In fact, for a night based around competition, the vibe is surprisingly playful. The mic rotates from hand to hand, occasionally with rappers finishing each other’s verses in a back-and-forth fashion, filling the room with a sense of camaraderie. That sense is fueled not only by a crowd of regulars who come back week to week to take their turn at the verse, but also by Renteria’s efforts to make his bar feel like a home away from home for his patrons.

“This is a place where I give them an open opportunity,” Renteria says of his Wednesday night crowd, which he approximates averages in age from 21 to early 30s. “We make it very easy, all the equipment is provided, you just come in and free style.”

Renteria’s good hosting efforts don’t go unnoticed by his crowd. Local producer Joey Quayle, who plays beats on Wednesday nights for the Ruben’s Cantina open mic-ers to rap over, cites Renteria as a driving force behind the night’s success.

“Ruben takes care of us,” Quayle says. “The drinks are cheap, his hand is heavy, and it’s a great environment.”

Quayle is also quick to mention Hubbard’s own dedication to the night.
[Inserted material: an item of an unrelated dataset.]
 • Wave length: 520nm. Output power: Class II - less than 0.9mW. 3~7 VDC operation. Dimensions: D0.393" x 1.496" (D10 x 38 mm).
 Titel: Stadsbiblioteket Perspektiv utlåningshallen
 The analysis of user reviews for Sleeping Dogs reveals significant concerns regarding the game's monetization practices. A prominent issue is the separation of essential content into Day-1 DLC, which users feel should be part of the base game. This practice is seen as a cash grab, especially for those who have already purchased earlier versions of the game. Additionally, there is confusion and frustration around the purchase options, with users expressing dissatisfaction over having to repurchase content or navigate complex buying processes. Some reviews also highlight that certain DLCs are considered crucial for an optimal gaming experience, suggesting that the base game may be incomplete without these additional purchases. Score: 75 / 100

The host who says he continues to organize the night out of love for the local hip-hop community more than anything else—“there’s no money in it,” Hubbard says—provides all of his own equipment for the stage.

“Dan invests his own money into this,” Quayle says.
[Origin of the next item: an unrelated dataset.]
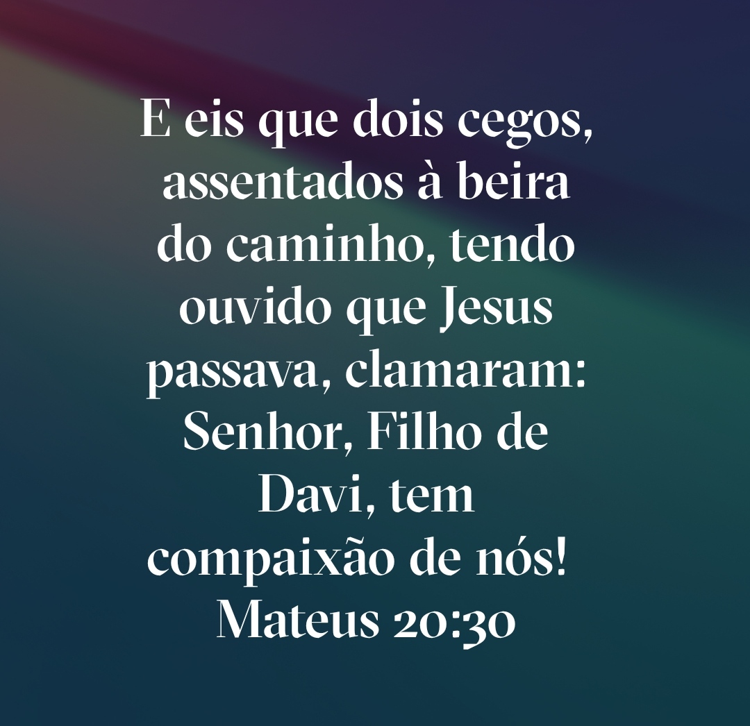 E eis que dois cegos, assentados à beira do caminho, tendo ouvido que Jesus passava, clamaram: Senhor, Filho de Davi, tem compaixão de nós!

The investment is well received, as it’s not the first hip-hop open mic in town, but it is the longest running—thanks to the help of regulars like George Vargas who make it a point to come out every Wednesday primarily for the sense of belonging the night breeds.

“You gotta come prepared,” Vargas says, in reference to getting on the mic. “But everyone’s got a positive attitude, and nobody judges you.”

A supportive environment is the best place to grow, and encouraged by a little healthy competition, the young rappers of Ruben’s hip-hop open mic have a set stage to flourish.

“They all start somewhere, and I love seeing people mature out of it,” says Hubbard. “Open mic is the planting of the seed.”